Because it had shown considerable sensitivity and moderate specificity to brain damage in the clinical population, we decided to use the same concurrent discrimination task to study possible learning and memory deficits in healthy normal individuals. To our knowledge, this is the first cross-sectional study to use this task to investigate age differences in initial acquisition versus generalization. Although previous studies have compared learning across different age groups using incrementally acquired learning tasks and tasks such as the Wisconsin Card Sorting Test, comparisons are usually between younger adults and older adults (Fera et al., 2005; Daigneault, Braun, Whitaker 1992; Head et al., 2009; Haaland, Vranes, Goodwin Garry 1987; Boone, Ghaffarian, Lesser, and Hill-Gutierrez (1993). Again, earlier studies of older adults have focused mainly on those older than 60. By contrast, our study of learning and generalization processes included healthy individuals aged 45–90.
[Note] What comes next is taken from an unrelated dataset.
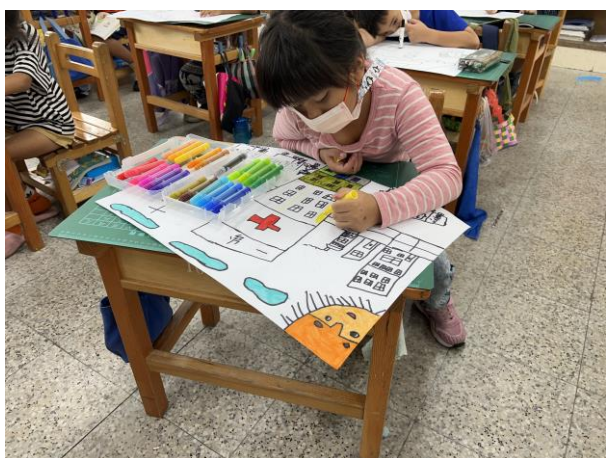
說明：繪製我家附近

We expected to see age-related deficits in initial learning, consistent with our prior studies (Myers et al., 2002; Shohamy et al., 2006). In our previous study, we used the same task in a small sample of 34 people with mild cognitive impairment and hippocampal atrophy (Myers, Kluger, et al., 2002). In the current study, we tested the performance on the learning and generalization task in a larger sample of healthy older participants, none of whom had mild cognitive impairment. The critical question was whether we would find a pattern of age differences between the younger and older groups for learning, but not generalization.

METHODS

Participants

We recruited 61 volunteers from a group of healthy adults taking a continuing education class in memory at the Academy of Lifelong Learning, University of Delaware, Newark. We recruited an additional 19 volunteers from 2 sources: the Memory Disorders Project at Rutgers-Newark and Eastern Mennonite University. We paid the Delaware and Rutgers volunteers $20 per hour for their time, and covered their transportation costs; the Eastern Mennonite University volunteers received class credit for participating. All 80 participants were between 45 and 90 y old and were fluent English speakers.
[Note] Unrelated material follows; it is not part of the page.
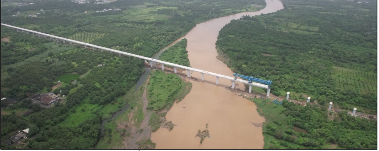
औरंगा नदी, वलसाड, गुजरात येथे लॉन्गिंग पूर्ण

पोलादी पूल, प्री-स्ट्रेसड काँक्रीट पूल, नदीवरील पूल यांची निर्मितीही सुरू आहे. तुमच्या कंपनीने आजपर्यंत पार, पूर्णा, मिंधोळा, अंबिका आणि औरंगा नद्यांवर पाच नदी पूल पूर्ण केले आहेत.

We screened the participants on the basis of self-reports of their medical and psychiatric history, including depression or affective disorder, alcohol abuse, diabetes, neuropsychological disorders (eg, multiple sclerosis, aphasia, seizure/epilepsy), and surgery with general anesthesia within the previous 6 months. We also screened the participants for drugs that could affect memory, particularly anticholinergic medications, and for colorblindness.

Before testing began, all participants signed statements of informed consent. Research conformed to guidelines for protection of human subjects established by Rutgers University and the federal government.

Neuropsychological Assessment

In an attempt to exclude anyone who showed evidence of cognitive impairment consistent with early dementia or another age-related disorder, we gave the participants a short battery of neuropsychological tests. We used the North American Adult Reading Test (Blair & Spreen, 1989) to index cognition; this test involves pronouncing a list of 61 orthographically irregular words. Scores can be used to generate estimates of verbal intelligence quotient (VIQ) (Spreen & Strauss, 1998, p. 78). Normal median VIQ score is defined as 100 (SD 15); no participants scored below normal.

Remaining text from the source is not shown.